Records for the task:
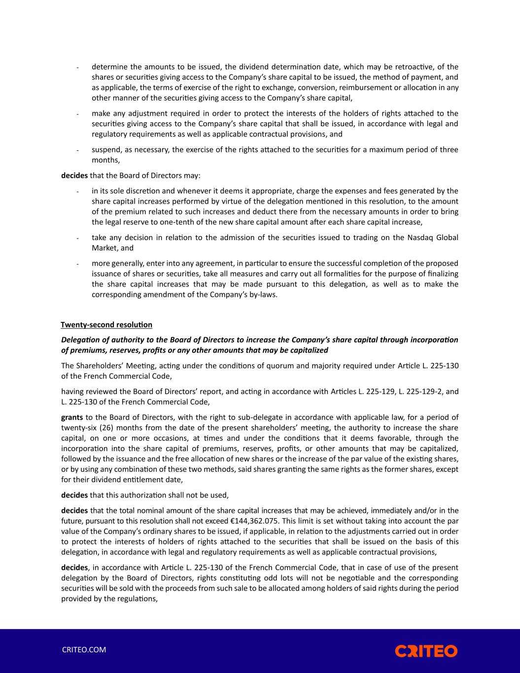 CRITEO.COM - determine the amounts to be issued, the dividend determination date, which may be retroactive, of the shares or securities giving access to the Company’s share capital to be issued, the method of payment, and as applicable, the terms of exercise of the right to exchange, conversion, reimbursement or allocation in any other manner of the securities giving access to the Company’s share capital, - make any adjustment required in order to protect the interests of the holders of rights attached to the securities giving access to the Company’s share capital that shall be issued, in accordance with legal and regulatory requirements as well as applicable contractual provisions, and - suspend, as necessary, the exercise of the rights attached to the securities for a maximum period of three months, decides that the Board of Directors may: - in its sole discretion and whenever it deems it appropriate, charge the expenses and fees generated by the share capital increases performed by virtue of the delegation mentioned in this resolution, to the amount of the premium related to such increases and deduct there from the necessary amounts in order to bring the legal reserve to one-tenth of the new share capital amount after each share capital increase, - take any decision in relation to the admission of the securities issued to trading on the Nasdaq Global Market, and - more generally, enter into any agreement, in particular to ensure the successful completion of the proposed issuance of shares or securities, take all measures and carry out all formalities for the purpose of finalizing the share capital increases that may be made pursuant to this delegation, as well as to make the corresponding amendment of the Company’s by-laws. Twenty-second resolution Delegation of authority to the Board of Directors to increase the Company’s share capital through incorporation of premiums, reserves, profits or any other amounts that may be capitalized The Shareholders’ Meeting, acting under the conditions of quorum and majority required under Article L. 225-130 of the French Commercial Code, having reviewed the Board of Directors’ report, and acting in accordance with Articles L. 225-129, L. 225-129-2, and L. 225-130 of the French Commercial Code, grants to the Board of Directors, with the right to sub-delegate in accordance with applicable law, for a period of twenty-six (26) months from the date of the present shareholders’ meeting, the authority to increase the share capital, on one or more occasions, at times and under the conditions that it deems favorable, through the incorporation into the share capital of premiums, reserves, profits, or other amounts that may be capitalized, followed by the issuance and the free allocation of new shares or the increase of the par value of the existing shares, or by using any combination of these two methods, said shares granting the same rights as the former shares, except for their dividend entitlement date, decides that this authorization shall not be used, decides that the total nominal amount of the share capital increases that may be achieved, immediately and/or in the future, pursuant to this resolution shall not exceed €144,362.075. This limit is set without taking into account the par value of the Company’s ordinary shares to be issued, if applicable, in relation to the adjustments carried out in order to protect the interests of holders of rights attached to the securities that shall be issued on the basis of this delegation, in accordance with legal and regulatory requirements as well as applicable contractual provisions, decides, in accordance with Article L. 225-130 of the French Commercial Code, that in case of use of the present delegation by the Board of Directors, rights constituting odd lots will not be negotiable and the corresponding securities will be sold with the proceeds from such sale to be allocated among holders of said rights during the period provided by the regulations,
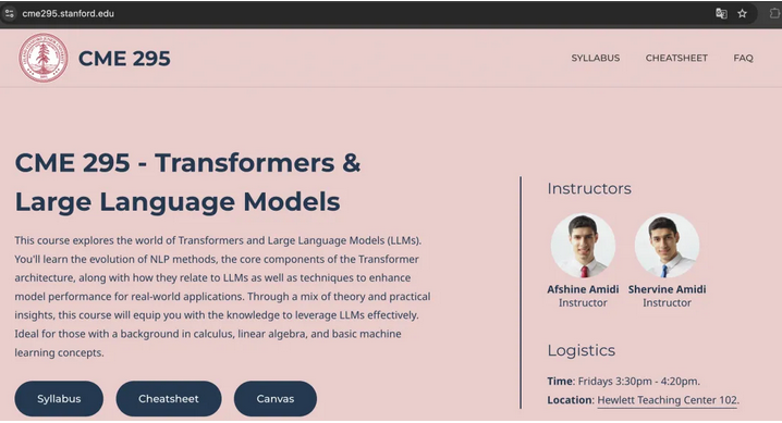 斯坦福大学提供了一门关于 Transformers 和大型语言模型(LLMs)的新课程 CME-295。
--
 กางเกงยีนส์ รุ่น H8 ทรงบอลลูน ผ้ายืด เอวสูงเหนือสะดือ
--
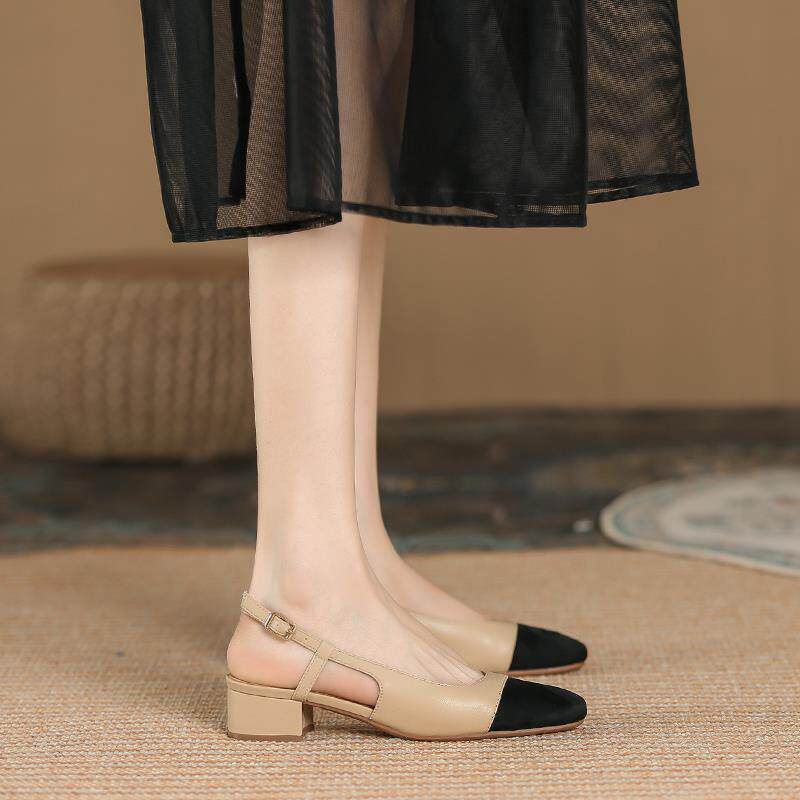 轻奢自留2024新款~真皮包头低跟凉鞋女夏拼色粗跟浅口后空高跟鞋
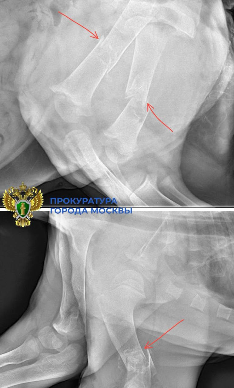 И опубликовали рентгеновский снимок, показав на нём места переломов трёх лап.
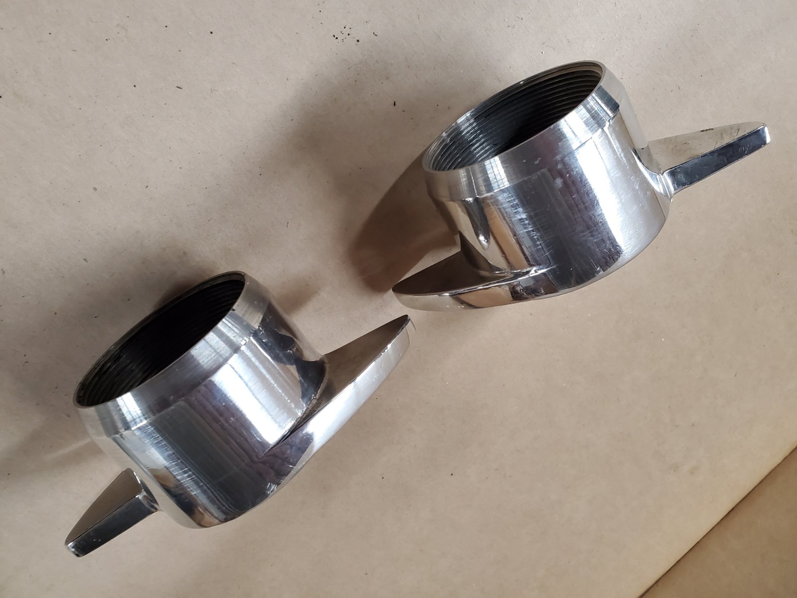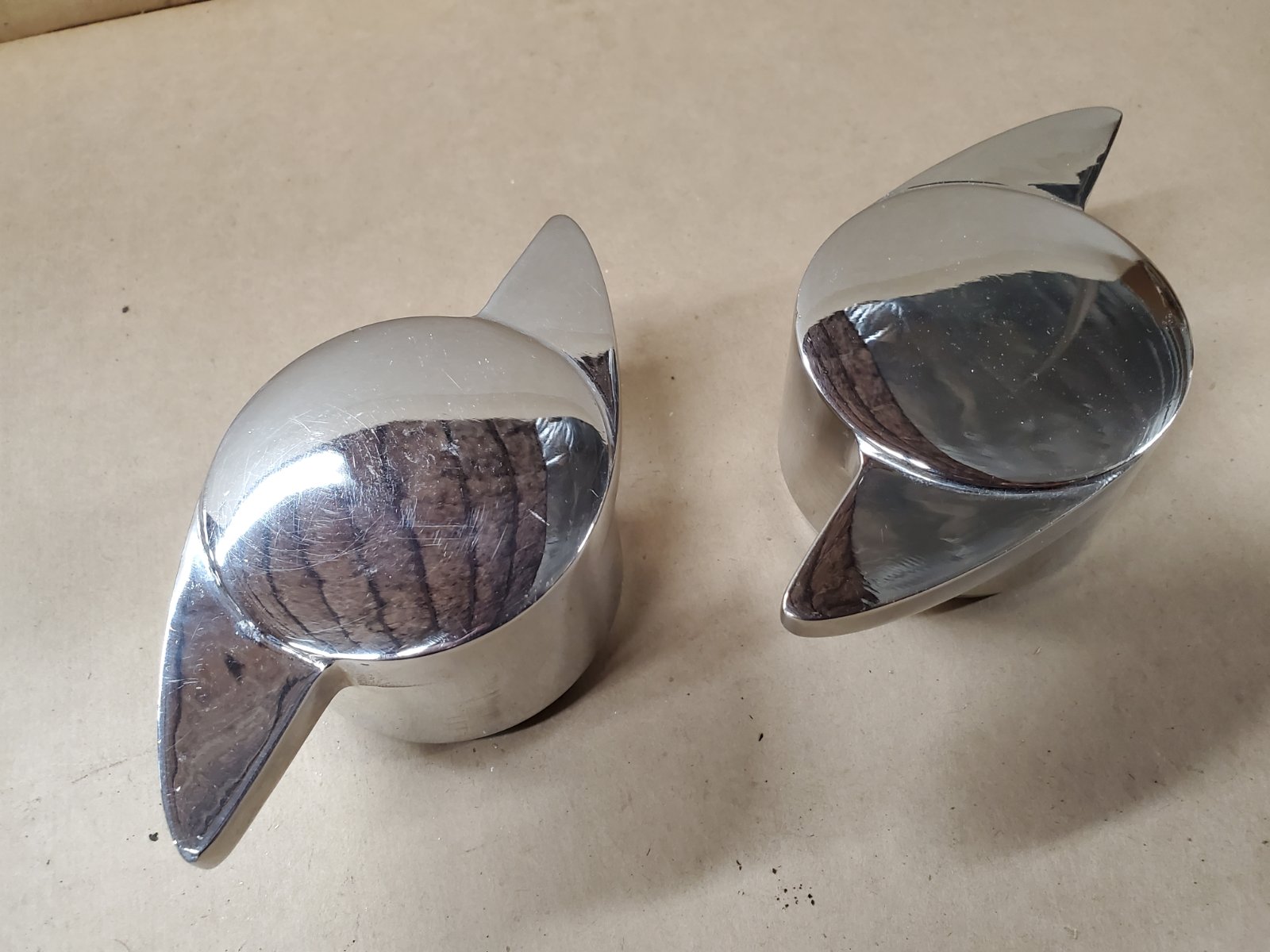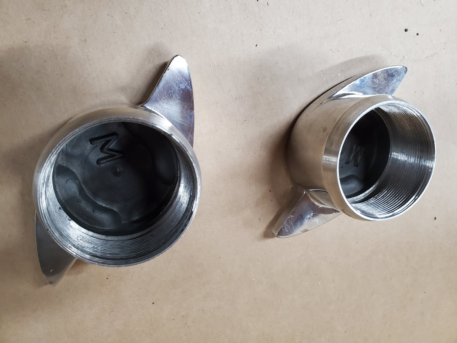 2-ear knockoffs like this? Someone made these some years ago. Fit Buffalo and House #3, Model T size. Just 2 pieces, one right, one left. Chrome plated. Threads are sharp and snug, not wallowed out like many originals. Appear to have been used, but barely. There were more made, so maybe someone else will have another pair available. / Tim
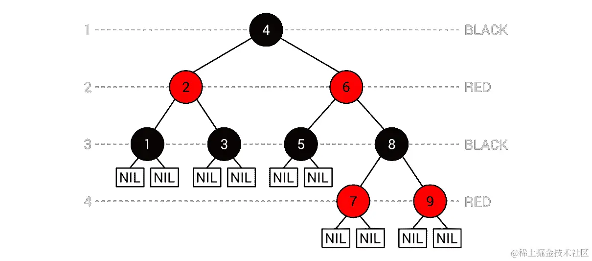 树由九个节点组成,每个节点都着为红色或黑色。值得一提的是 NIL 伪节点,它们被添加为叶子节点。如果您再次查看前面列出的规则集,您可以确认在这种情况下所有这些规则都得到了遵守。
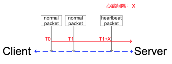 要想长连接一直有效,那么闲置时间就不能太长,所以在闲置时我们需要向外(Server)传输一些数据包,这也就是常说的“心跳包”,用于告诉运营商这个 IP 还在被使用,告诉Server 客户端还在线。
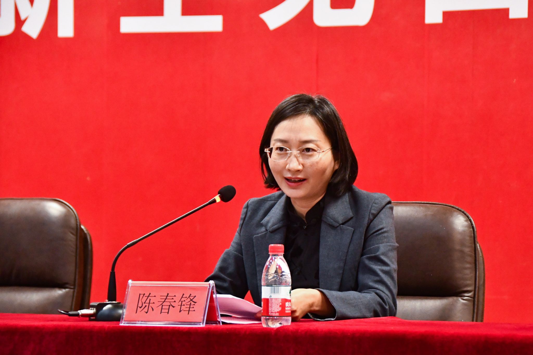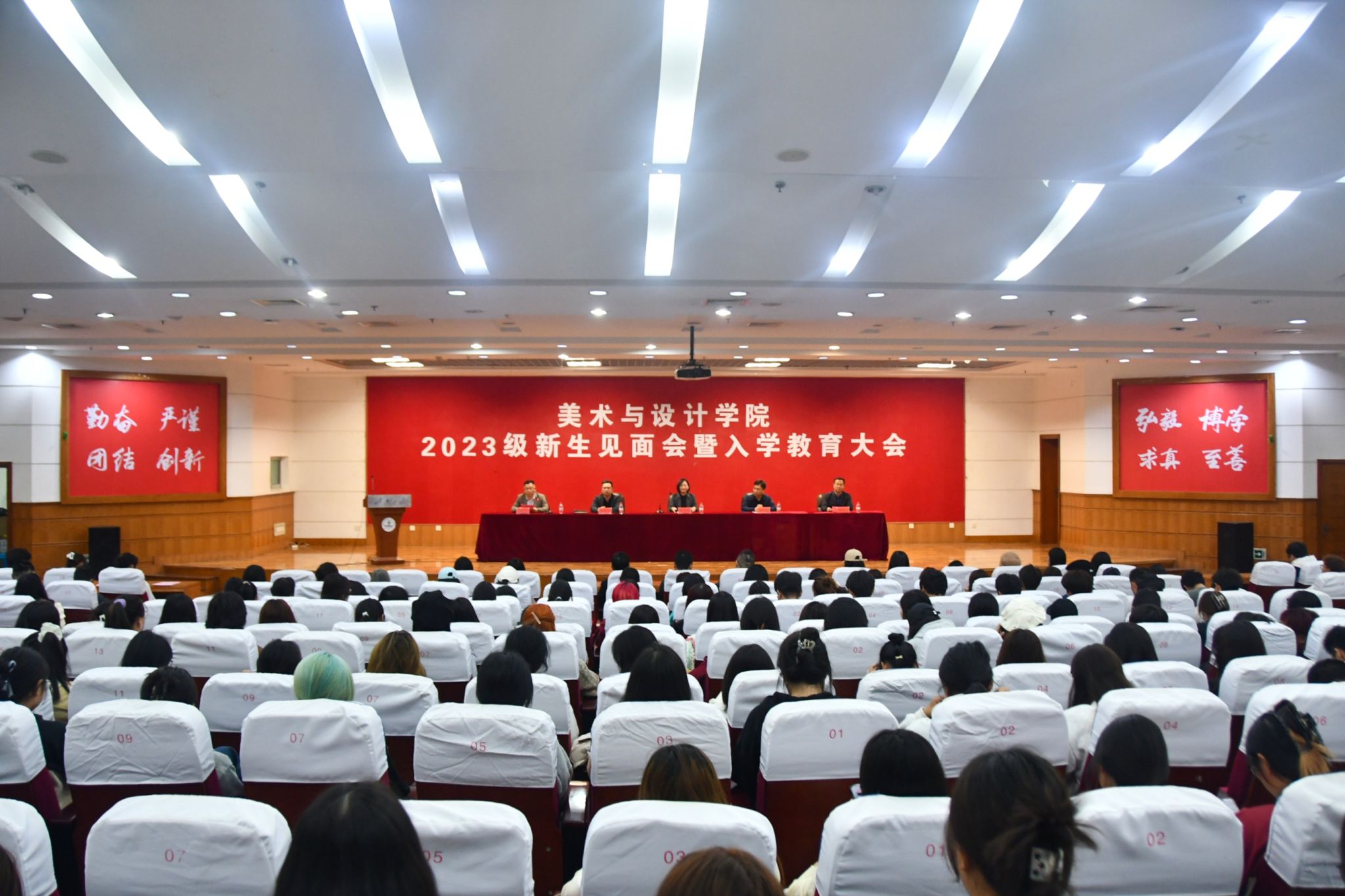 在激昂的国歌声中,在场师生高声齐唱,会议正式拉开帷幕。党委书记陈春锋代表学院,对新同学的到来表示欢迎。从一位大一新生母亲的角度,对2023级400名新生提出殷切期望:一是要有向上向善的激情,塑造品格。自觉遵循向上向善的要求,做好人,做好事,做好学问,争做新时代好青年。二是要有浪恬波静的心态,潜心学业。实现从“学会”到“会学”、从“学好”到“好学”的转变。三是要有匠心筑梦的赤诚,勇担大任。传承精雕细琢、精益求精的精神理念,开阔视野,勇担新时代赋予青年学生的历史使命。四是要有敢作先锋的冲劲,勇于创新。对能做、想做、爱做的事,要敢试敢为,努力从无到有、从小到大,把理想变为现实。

Work to be completed: Above are records with pictures. Reproduce exactly only the lines from the line with "轻奢自留2024新款~真皮包头低跟凉鞋女夏拼色粗跟浅口后空高跟鞋" through the line with "IP 还在被使用,告诉Server 客户端还在线。", both ends included, and leave the pictures out.

Exercise output:
 轻奢自留2024新款~真皮包头低跟凉鞋女夏拼色粗跟浅口后空高跟鞋
 И опубликовали рентгеновский снимок, показав на нём места переломов трёх лап.
 2-ear knockoffs like this? Someone made these some years ago. Fit Buffalo and House #3, Model T size. Just 2 pieces, one right, one left. Chrome plated. Threads are sharp and snug, not wallowed out like many originals. Appear to have been used, but barely. There were more made, so maybe someone else will have another pair available. / Tim
 树由九个节点组成,每个节点都着为红色或黑色。值得一提的是 NIL 伪节点,它们被添加为叶子节点。如果您再次查看前面列出的规则集,您可以确认在这种情况下所有这些规则都得到了遵守。
 要想长连接一直有效,那么闲置时间就不能太长,所以在闲置时我们需要向外(Server)传输一些数据包,这也就是常说的“心跳包”,用于告诉运营商这个 IP 还在被使用,告诉Server 客户端还在线。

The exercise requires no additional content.